A single number is required: the count of lines in the following entries that include the word "more".

Stored data:
>>>

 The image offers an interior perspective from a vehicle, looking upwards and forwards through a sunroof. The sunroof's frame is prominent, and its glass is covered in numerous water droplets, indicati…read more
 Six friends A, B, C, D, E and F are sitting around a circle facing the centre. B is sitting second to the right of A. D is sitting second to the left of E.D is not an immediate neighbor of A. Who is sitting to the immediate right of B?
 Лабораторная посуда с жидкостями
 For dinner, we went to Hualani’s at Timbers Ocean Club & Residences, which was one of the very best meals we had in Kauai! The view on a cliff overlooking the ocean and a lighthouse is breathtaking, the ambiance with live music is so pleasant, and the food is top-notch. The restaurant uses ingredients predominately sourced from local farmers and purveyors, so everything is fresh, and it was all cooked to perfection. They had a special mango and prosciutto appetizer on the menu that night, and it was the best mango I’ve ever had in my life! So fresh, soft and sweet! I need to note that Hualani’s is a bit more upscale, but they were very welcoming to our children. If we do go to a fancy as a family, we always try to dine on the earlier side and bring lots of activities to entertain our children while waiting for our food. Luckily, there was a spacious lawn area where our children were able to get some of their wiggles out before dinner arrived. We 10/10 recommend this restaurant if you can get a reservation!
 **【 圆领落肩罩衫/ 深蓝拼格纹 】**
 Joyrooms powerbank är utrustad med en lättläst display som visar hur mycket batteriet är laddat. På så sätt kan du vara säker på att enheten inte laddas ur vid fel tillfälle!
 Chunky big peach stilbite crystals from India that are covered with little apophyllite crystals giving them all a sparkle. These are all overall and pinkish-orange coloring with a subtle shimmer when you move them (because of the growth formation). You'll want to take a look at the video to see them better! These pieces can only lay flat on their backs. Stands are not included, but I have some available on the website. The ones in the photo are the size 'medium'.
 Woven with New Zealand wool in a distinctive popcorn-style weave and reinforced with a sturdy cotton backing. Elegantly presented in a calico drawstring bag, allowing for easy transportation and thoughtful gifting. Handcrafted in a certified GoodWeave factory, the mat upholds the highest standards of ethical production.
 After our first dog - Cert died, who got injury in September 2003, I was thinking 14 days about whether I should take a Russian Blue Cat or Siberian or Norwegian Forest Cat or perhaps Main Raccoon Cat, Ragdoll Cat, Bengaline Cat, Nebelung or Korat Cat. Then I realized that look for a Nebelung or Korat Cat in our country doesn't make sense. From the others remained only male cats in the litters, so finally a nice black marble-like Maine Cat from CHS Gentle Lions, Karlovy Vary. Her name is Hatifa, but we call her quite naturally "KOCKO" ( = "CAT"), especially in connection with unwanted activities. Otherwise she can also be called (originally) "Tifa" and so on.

<<<

Answer below ▸
2